* ABOUT THIS TASK:
The entries that follow must be given again exactly, with the pictures excluded.

* THE DATA:
##########
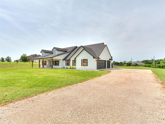 Additional highlights include durable and easy to maintain flooring (all tile or LVP - no carpet), a 3-car garage, high-end finishes throughout, water softener, reverse osmosis system in the kitchen, abundant storage, and an extended concrete back patio. An oversized in-ground storm shelter right off the back door provides peace of mind during Oklahoma storm season. Enjoy the great outdoors on your acreage with a portion conveniently fenced in for play.
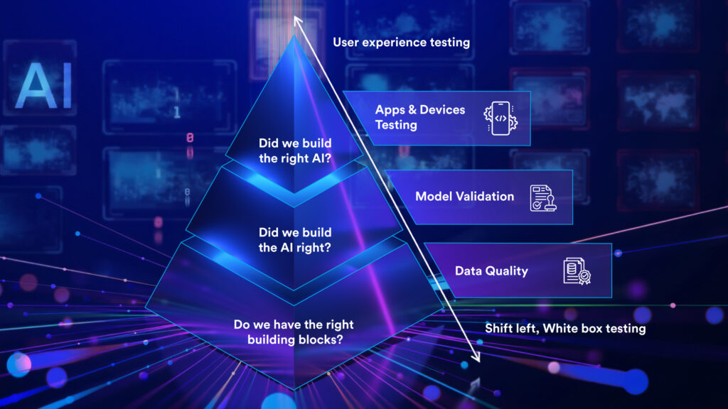 The top of the pyramid is the full system experience. Here, the objective is to confirm that AI-enabled workflows behave predictably across UX interactions, via APIs, through security layers, under different conditions of performance, and within real-world contexts. This layer ensures that the AI is not just correct but usable, interpretable, and aligned with business expectations – ultimately answering the question, did we build the right AI?
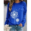 Kadın Uzun Kollu Bisiklet Yaka Çiçek Desenli Viskon Bluz Mavi
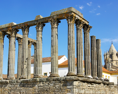 O majestoso Templo de Diana, construído no século I d.C na praça principal de Évora, é um monumento que representa de modo ímpar os vestígios da civilização romana em Portugal. É composto por uma base de granito e colunas de mármore branco. A construção do monumento foi associada à deusa romana da caça “Diana” mas na realidade foi construído durante a ocupação romana em honra do imperador Augusto. Situado no ponto mais alto da cidade fica do lado da Igreja / Pousada dos Lóios.
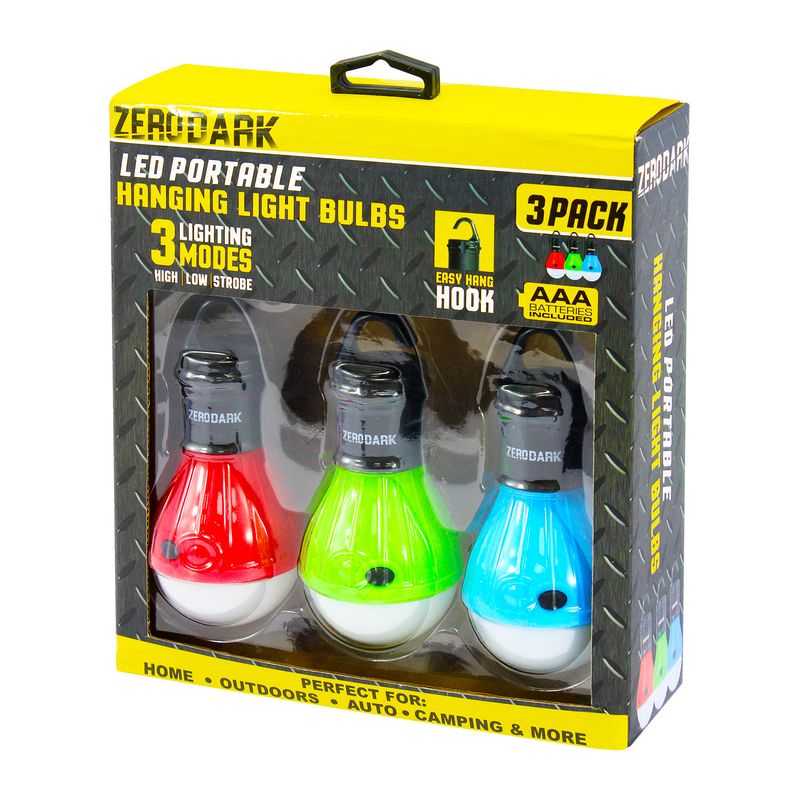 Focos LED portátiles con gancho para colgar; Funcionamiento a pilas. Ideales para el hogar, campamentos, actividades al aire libre, automóviles y más. Fabricados con materiales ABS de alta calidad, son compactos, resistentes a golpes y al agua, lo que garantiza durabilidad y confiabilidad en todo momento. Cuentan con 3 modos de luz (alto, bajo y parpadeante) y un gancho integrado para colgar fácilmente donde lo necesites. Funcionan con 3 pilas AAA incluidas, ofreciendo máxima cobertura y portabilidad. Medidas del producto (Alt+Anch+Prof): 11,5 x 5,3 x 5,3 cm ZERO DARK
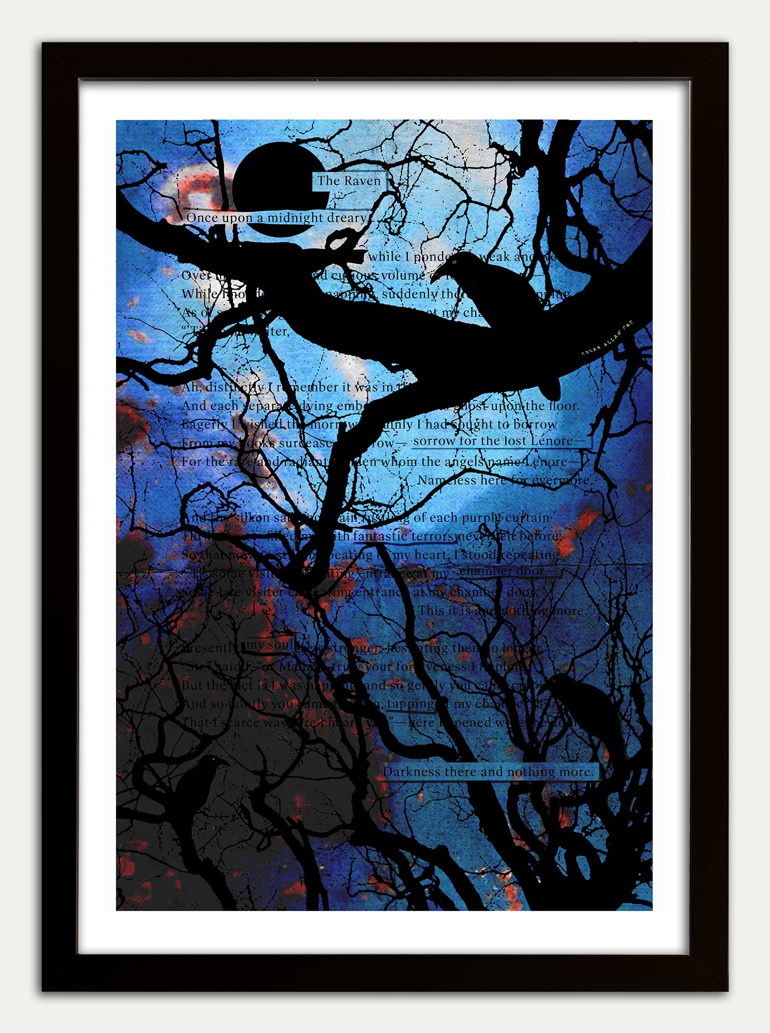 The Raven artwork by Edgar Allan Poe. This is the opening 4 verses from E.A.P.s seminal work The Raven. The title is inspired by a line in verse 3 [highlighted]. This is the 1st print in a f-part print collection
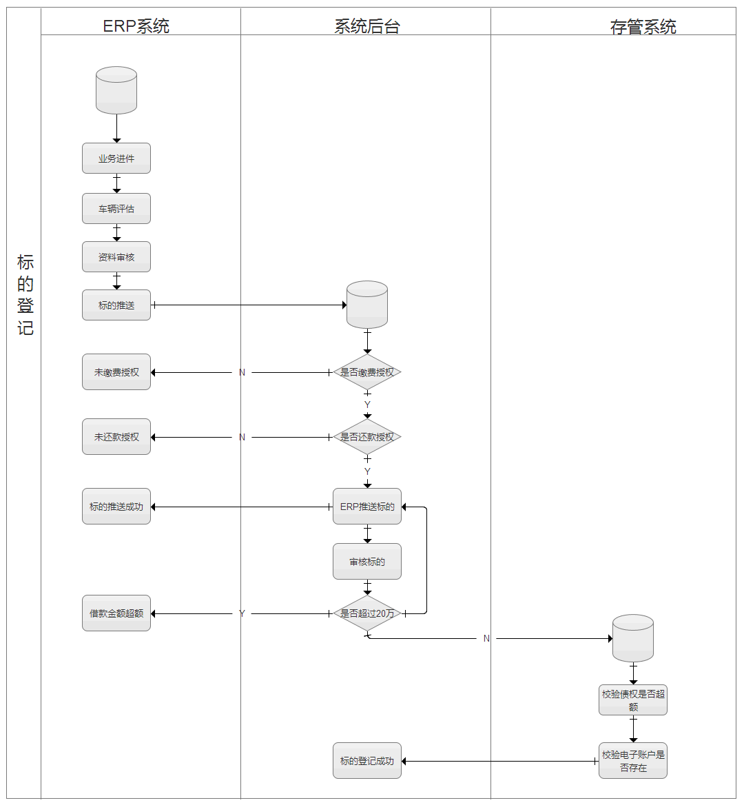 以标的登记审核流程为例:我们以泳道图的形式,设计ERP系统、P2P系统和存管系统的业务流程,风控专员在ERP系统提交标的进件后,风控主管会在P2P系统后台进行初审和复核,之后再推送到存管系统进行终审,在这个过程会形成动态的标的登记审核流程。
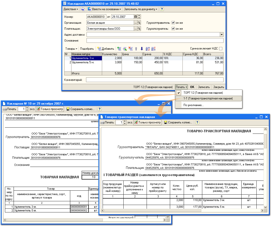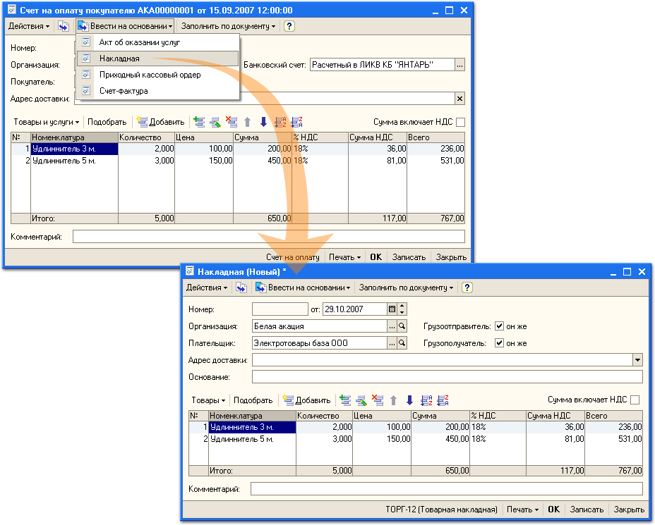 Ввод одних документов на основании других ускоряет оформление комплекта связанных документов (например: счет на оплату - накладная - счет-фактура).
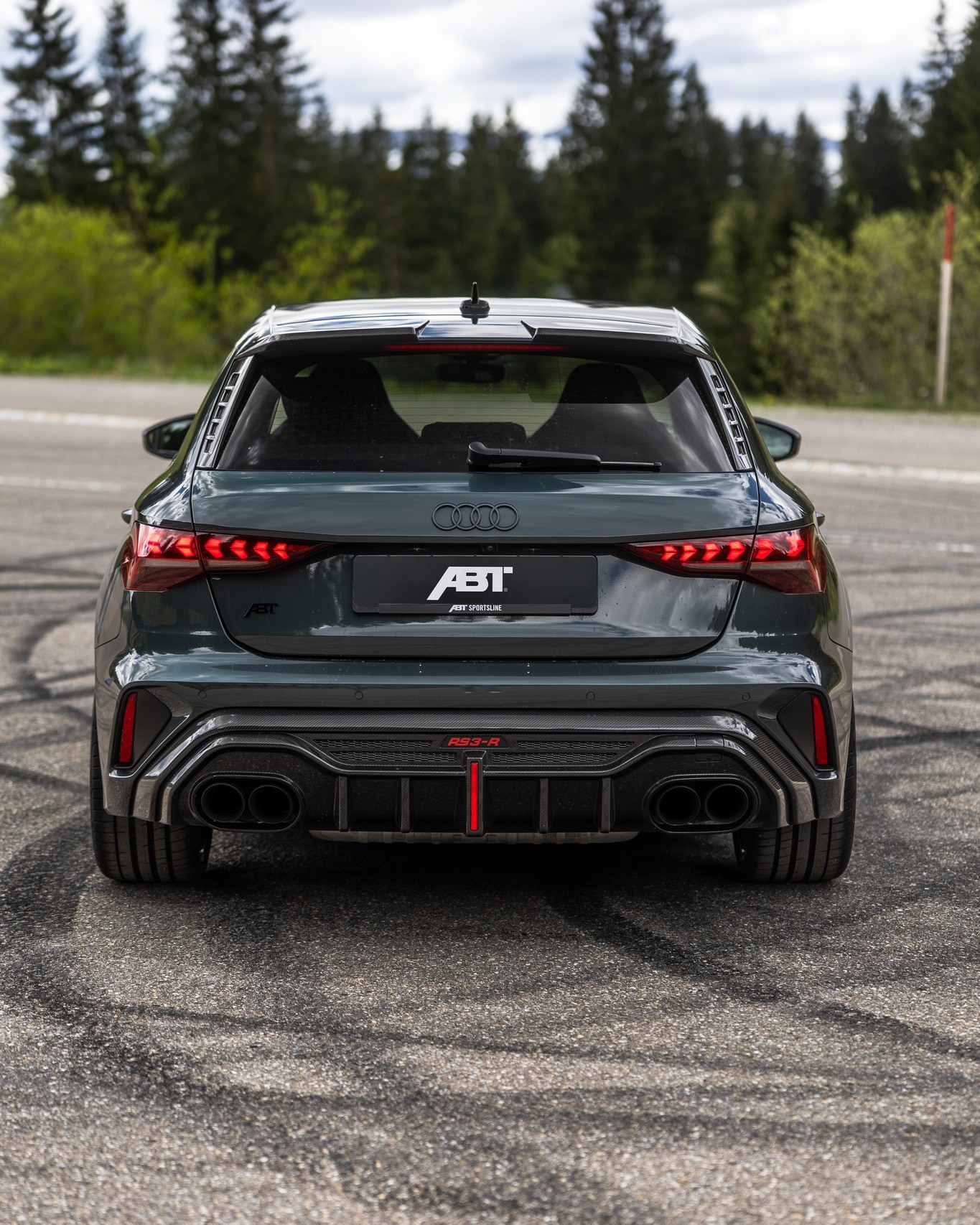 Салон на фото не показали, неизвестны и доработки подвески. Обычно ателье монтирует собственные стабилизаторы поперечной устойчивости, спортивные пружины и выхлопные системы. В арках появляются 20-дюймовые диски, а в салоне – фирменные коврики, декор для кнопок и другие мелочи. Наверняка всё это доступно и для изображённого здесь RS3-R Sportback, который уже доступен для заказа.
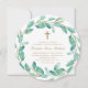 Botanical eucalyptus leaves with cross Christian Mother's Blessing Invitation features a beautiful wreath of watercolor greenery leaves and the mother's name in elegant gold colour script. The back is your custom rsvp qr code, so guests can easily respond to your invitation. Celebrate the mum to be and baby with a time of blessing, prayer, friendship, encouragement, and community. Enfold the mum to be and baby in prayer and community. This simple all in one invitation is perfect for a Catholic birth blessing party invite.
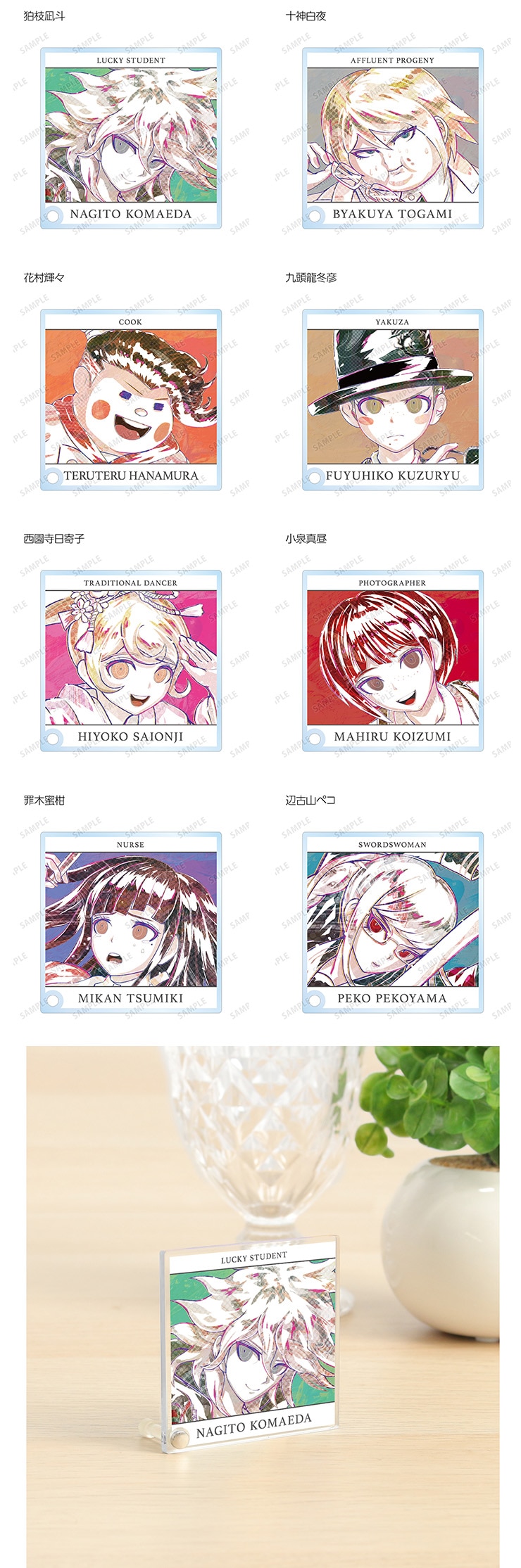 狛枝凪⽃、⼗神⽩夜、花村輝々、九頭⿓冬彦、⻄園寺⽇寄⼦、⼩泉真昼、罪⽊蜜柑、辺古⼭ペコのイラストを新たなタッチで魅⼒的に表現し、⼿のひらサイズのアクリルパネルに仕上げました。
##########
* EXERCISE RESULT:
 Additional highlights include durable and easy to maintain flooring (all tile or LVP - no carpet), a 3-car garage, high-end finishes throughout, water softener, reverse osmosis system in the kitchen, abundant storage, and an extended concrete back patio. An oversized in-ground storm shelter right off the back door provides peace of mind during Oklahoma storm season. Enjoy the great outdoors on your acreage with a portion conveniently fenced in for play.
 The top of the pyramid is the full system experience. Here, the objective is to confirm that AI-enabled workflows behave predictably across UX interactions, via APIs, through security layers, under different conditions of performance, and within real-world contexts. This layer ensures that the AI is not just correct but usable, interpretable, and aligned with business expectations – ultimately answering the question, did we build the right AI?
 Kadın Uzun Kollu Bisiklet Yaka Çiçek Desenli Viskon Bluz Mavi
 O majestoso Templo de Diana, construído no século I d.C na praça principal de Évora, é um monumento que representa de modo ímpar os vestígios da civilização romana em Portugal. É composto por uma base de granito e colunas de mármore branco. A construção do monumento foi associada à deusa romana da caça “Diana” mas na realidade foi construído durante a ocupação romana em honra do imperador Augusto. Situado no ponto mais alto da cidade fica do lado da Igreja / Pousada dos Lóios.
 Focos LED portátiles con gancho para colgar; Funcionamiento a pilas. Ideales para el hogar, campamentos, actividades al aire libre, automóviles y más. Fabricados con materiales ABS de alta calidad, son compactos, resistentes a golpes y al agua, lo que garantiza durabilidad y confiabilidad en todo momento. Cuentan con 3 modos de luz (alto, bajo y parpadeante) y un gancho integrado para colgar fácilmente donde lo necesites. Funcionan con 3 pilas AAA incluidas, ofreciendo máxima cobertura y portabilidad. Medidas del producto (Alt+Anch+Prof): 11,5 x 5,3 x 5,3 cm ZERO DARK
 The Raven artwork by Edgar Allan Poe. This is the opening 4 verses from E.A.P.s seminal work The Raven. The title is inspired by a line in verse 3 [highlighted]. This is the 1st print in a f-part print collection
 以标的登记审核流程为例:我们以泳道图的形式,设计ERP系统、P2P系统和存管系统的业务流程,风控专员在ERP系统提交标的进件后,风控主管会在P2P系统后台进行初审和复核,之后再推送到存管系统进行终审,在这个过程会形成动态的标的登记审核流程。
 Ввод одних документов на основании других ускоряет оформление комплекта связанных документов (например: счет на оплату - накладная - счет-фактура).
 Салон на фото не показали, неизвестны и доработки подвески. Обычно ателье монтирует собственные стабилизаторы поперечной устойчивости, спортивные пружины и выхлопные системы. В арках появляются 20-дюймовые диски, а в салоне – фирменные коврики, декор для кнопок и другие мелочи. Наверняка всё это доступно и для изображённого здесь RS3-R Sportback, который уже доступен для заказа.
 Botanical eucalyptus leaves with cross Christian Mother's Blessing Invitation features a beautiful wreath of watercolor greenery leaves and the mother's name in elegant gold colour script. The back is your custom rsvp qr code, so guests can easily respond to your invitation. Celebrate the mum to be and baby with a time of blessing, prayer, friendship, encouragement, and community. Enfold the mum to be and baby in prayer and community. This simple all in one invitation is perfect for a Catholic birth blessing party invite.
 狛枝凪⽃、⼗神⽩夜、花村輝々、九頭⿓冬彦、⻄園寺⽇寄⼦、⼩泉真昼、罪⽊蜜柑、辺古⼭ペコのイラストを新たなタッチで魅⼒的に表現し、⼿のひらサイズのアクリルパネルに仕上げました。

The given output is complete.